Segment Start: Input data
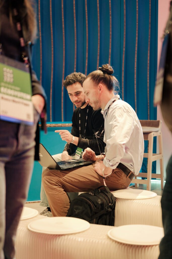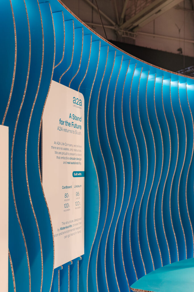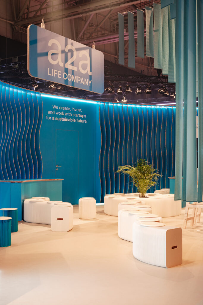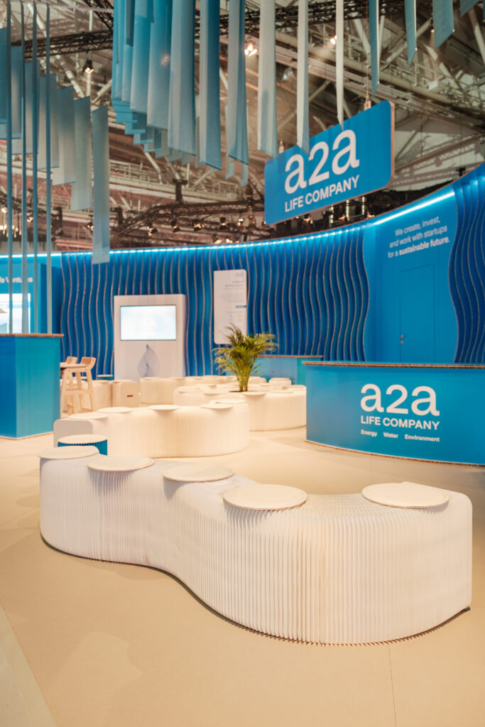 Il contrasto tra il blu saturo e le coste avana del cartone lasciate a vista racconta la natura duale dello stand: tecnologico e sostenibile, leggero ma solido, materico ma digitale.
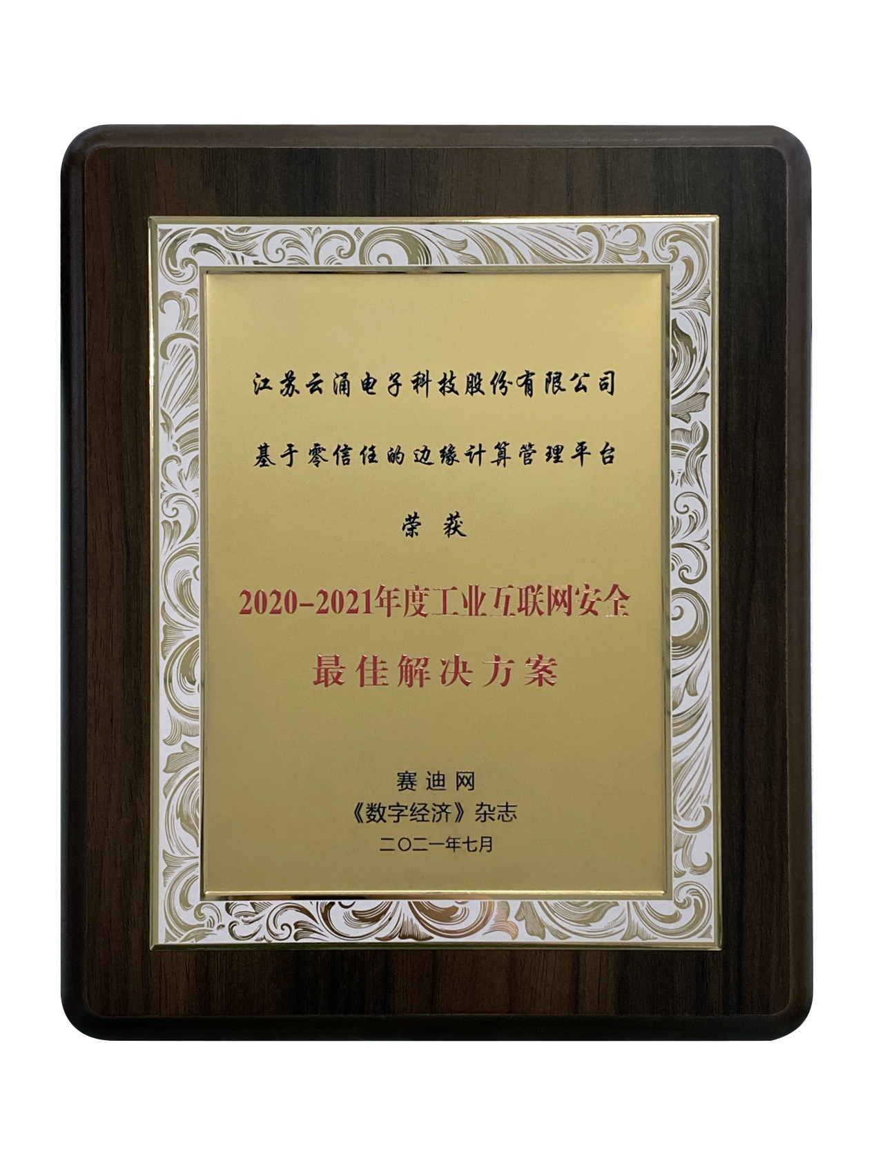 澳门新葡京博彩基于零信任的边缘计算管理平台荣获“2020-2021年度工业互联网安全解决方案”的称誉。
Segment End: Input data
Segment Start: Input data
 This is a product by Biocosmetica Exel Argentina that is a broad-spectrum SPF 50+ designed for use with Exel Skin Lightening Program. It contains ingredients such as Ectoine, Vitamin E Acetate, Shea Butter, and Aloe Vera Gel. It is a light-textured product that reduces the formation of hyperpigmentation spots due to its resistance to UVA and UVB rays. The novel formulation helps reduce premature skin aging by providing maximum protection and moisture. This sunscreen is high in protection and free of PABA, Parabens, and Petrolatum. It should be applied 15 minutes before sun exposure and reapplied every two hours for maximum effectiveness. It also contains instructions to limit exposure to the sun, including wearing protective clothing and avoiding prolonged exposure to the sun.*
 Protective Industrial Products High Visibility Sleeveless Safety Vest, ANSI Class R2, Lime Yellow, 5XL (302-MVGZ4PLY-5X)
Segment End: Input data
> **Task to carry out**
Output exactly the lines above, from the line with "Il contrasto tra" to the line with "澳门新葡京博彩基于零信任的边", both included; skip the pictures.

> **Response**
 Il contrasto tra il blu saturo e le coste avana del cartone lasciate a vista racconta la natura duale dello stand: tecnologico e sostenibile, leggero ma solido, materico ma digitale.
 澳门新葡京博彩基于零信任的边缘计算管理平台荣获“2020-2021年度工业互联网安全解决方案”的称誉。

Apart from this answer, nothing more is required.